(Beginning of Working data)

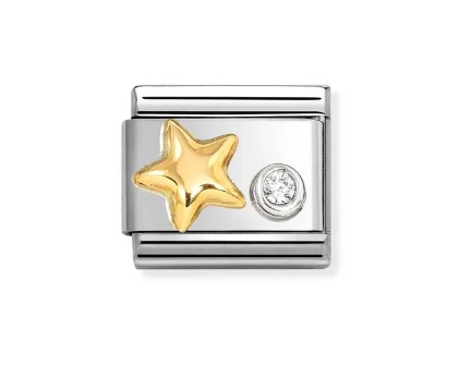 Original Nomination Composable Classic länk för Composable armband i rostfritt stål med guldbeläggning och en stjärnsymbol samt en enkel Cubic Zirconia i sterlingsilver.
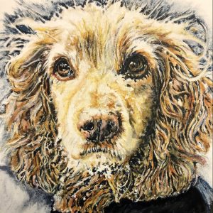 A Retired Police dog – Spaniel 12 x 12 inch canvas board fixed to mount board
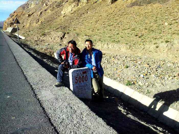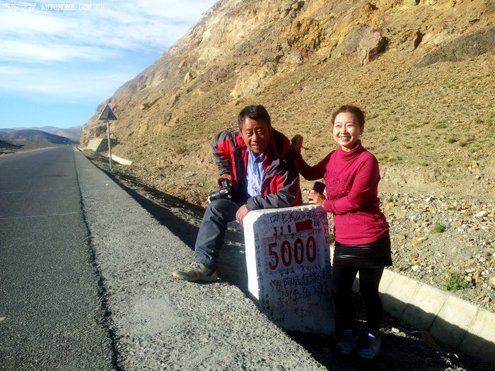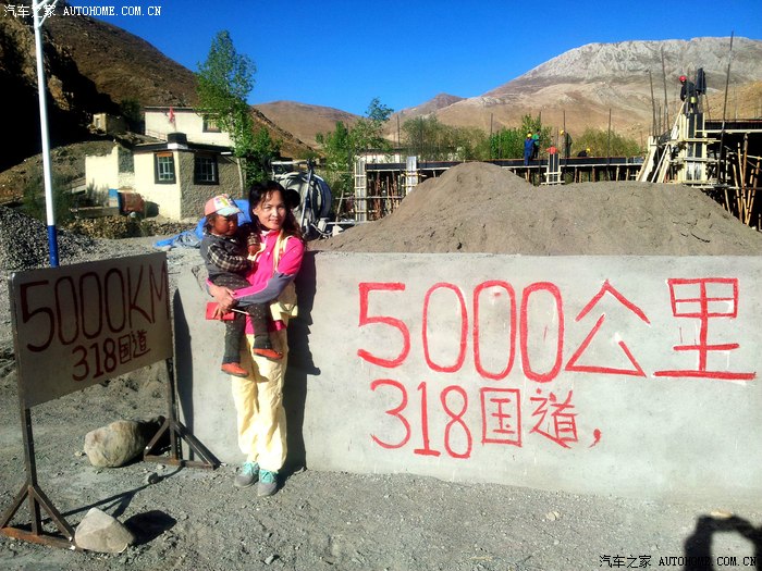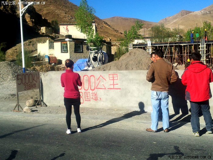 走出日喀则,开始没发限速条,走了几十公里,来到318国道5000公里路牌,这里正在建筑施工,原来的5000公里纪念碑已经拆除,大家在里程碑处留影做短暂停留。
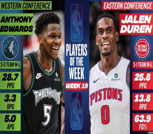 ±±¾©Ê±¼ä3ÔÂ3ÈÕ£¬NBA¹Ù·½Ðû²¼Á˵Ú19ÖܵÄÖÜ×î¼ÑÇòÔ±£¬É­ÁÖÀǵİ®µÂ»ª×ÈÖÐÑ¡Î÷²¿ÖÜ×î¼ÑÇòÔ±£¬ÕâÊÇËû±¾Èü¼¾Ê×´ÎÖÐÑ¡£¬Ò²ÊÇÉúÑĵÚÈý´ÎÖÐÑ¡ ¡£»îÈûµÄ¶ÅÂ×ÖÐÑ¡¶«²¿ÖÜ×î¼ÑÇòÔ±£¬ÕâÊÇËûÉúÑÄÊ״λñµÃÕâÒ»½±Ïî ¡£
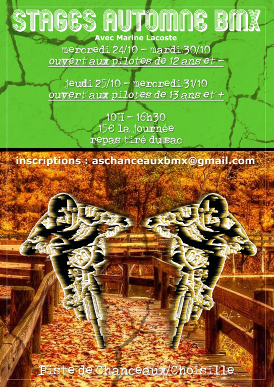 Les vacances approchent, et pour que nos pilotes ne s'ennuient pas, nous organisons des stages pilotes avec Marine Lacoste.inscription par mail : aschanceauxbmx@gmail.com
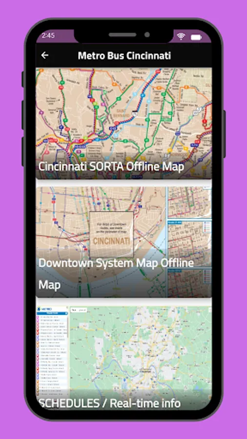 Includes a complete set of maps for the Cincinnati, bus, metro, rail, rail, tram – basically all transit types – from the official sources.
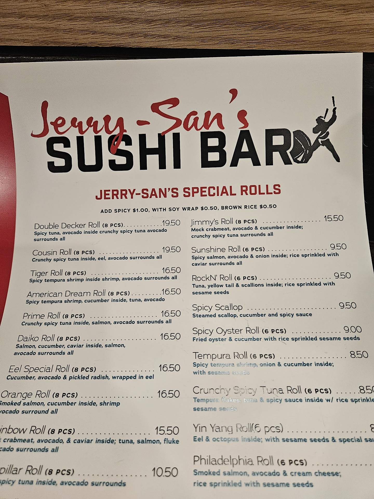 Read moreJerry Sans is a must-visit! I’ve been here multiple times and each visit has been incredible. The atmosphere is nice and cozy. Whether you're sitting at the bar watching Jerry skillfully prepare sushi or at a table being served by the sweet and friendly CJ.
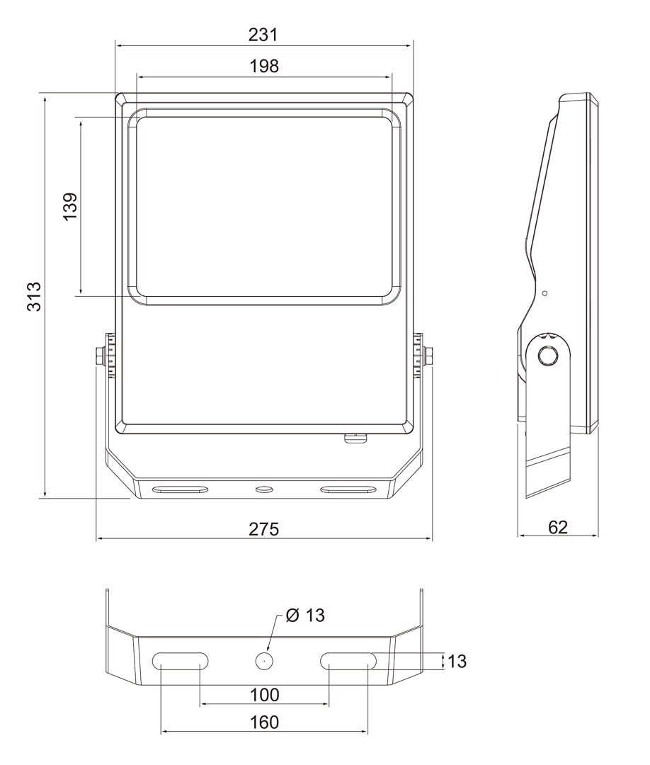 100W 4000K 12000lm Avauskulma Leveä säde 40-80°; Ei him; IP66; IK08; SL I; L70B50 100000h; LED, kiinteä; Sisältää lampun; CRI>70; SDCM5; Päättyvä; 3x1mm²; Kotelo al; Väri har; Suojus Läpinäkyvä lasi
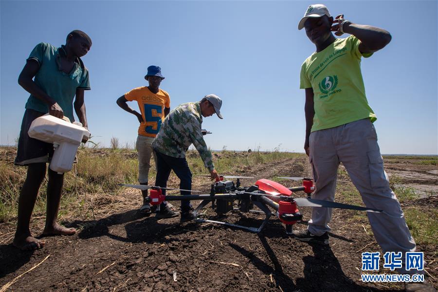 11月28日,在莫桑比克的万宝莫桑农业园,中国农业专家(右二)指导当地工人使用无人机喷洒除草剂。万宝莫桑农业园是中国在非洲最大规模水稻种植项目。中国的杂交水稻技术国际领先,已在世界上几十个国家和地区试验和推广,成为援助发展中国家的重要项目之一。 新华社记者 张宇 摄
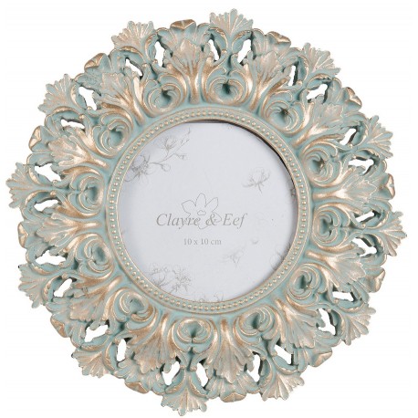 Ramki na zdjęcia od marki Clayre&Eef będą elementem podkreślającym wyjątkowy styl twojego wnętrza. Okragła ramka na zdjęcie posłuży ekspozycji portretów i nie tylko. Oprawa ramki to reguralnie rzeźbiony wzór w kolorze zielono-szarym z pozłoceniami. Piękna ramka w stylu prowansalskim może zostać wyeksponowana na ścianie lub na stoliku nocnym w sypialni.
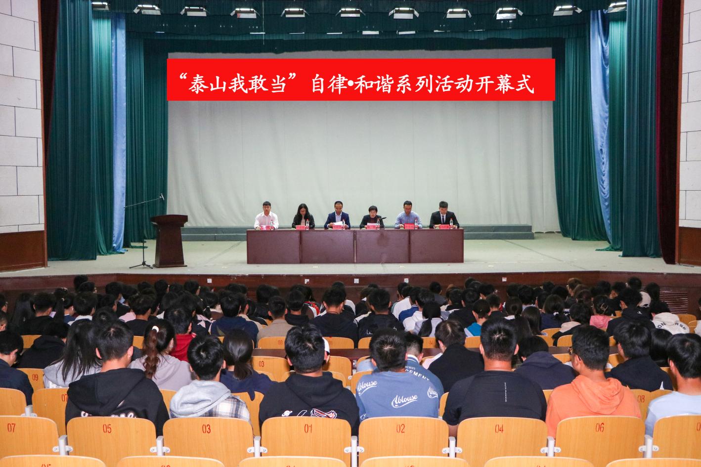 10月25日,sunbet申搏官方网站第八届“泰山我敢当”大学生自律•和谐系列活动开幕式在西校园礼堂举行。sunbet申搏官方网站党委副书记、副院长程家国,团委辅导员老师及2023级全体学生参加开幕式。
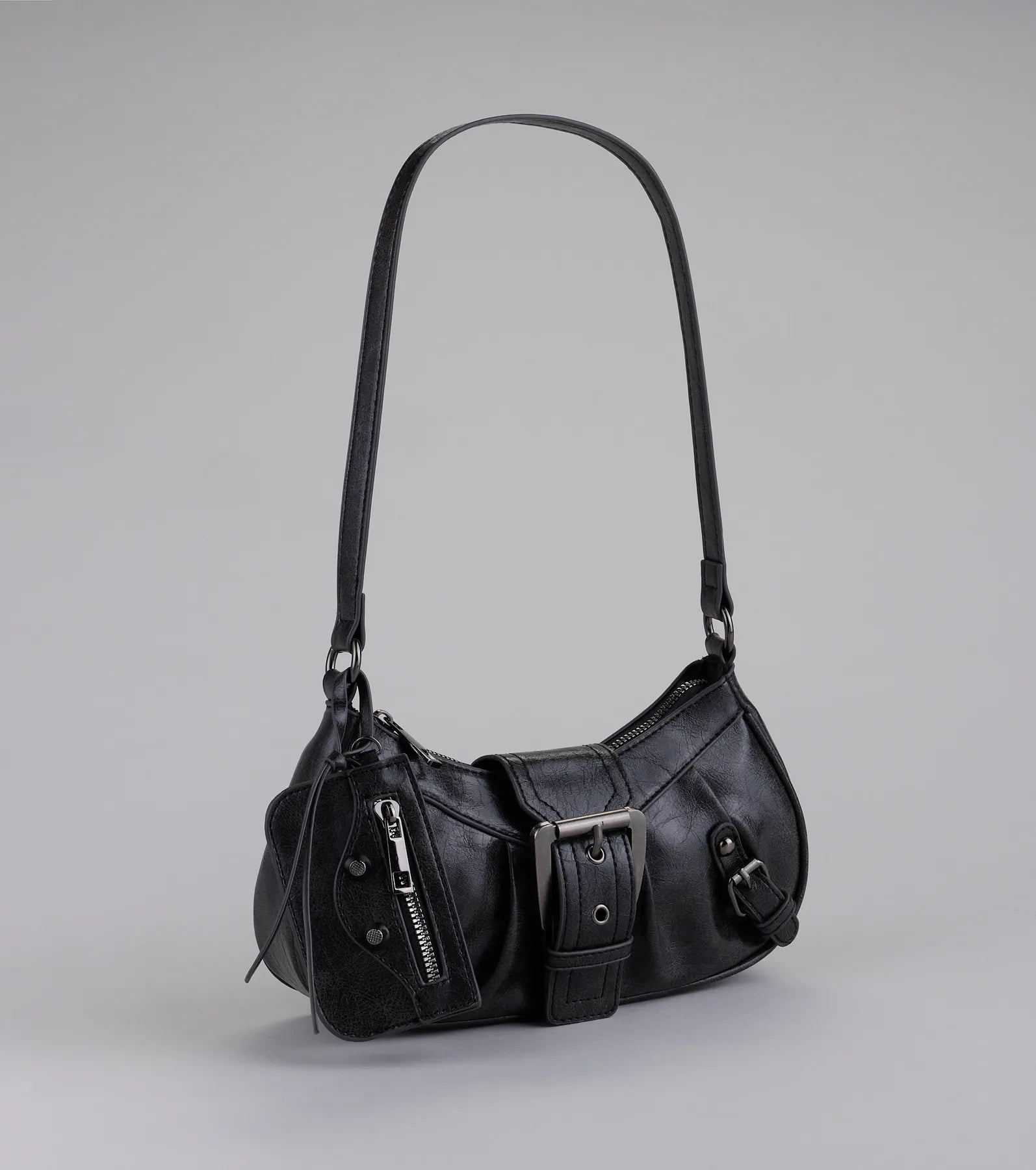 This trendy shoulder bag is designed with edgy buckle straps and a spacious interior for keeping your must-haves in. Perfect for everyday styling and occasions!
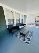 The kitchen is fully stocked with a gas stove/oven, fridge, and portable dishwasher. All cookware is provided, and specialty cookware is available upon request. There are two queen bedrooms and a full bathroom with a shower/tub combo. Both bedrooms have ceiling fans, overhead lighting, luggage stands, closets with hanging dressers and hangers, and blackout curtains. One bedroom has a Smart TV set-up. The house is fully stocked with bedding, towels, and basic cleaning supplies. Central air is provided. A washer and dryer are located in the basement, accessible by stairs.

(End of Working data)

Your answer should contain only the lines from the beginning of the listing above through the line with "Includes a complete", copied exactly and without the pictures.

 Original Nomination Composable Classic länk för Composable armband i rostfritt stål med guldbeläggning och en stjärnsymbol samt en enkel Cubic Zirconia i sterlingsilver.
 A Retired Police dog – Spaniel 12 x 12 inch canvas board fixed to mount board
 走出日喀则,开始没发限速条,走了几十公里,来到318国道5000公里路牌,这里正在建筑施工,原来的5000公里纪念碑已经拆除,大家在里程碑处留影做短暂停留。
 ±±¾©Ê±¼ä3ÔÂ3ÈÕ£¬NBA¹Ù·½Ðû²¼Á˵Ú19ÖܵÄÖÜ×î¼ÑÇòÔ±£¬É­ÁÖÀǵİ®µÂ»ª×ÈÖÐÑ¡Î÷²¿ÖÜ×î¼ÑÇòÔ±£¬ÕâÊÇËû±¾Èü¼¾Ê×´ÎÖÐÑ¡£¬Ò²ÊÇÉúÑĵÚÈý´ÎÖÐÑ¡ ¡£»îÈûµÄ¶ÅÂ×ÖÐÑ¡¶«²¿ÖÜ×î¼ÑÇòÔ±£¬ÕâÊÇËûÉúÑÄÊ״λñµÃÕâÒ»½±Ïî ¡£
 Les vacances approchent, et pour que nos pilotes ne s'ennuient pas, nous organisons des stages pilotes avec Marine Lacoste.inscription par mail : aschanceauxbmx@gmail.com
 Includes a complete set of maps for the Cincinnati, bus, metro, rail, rail, tram – basically all transit types – from the official sources.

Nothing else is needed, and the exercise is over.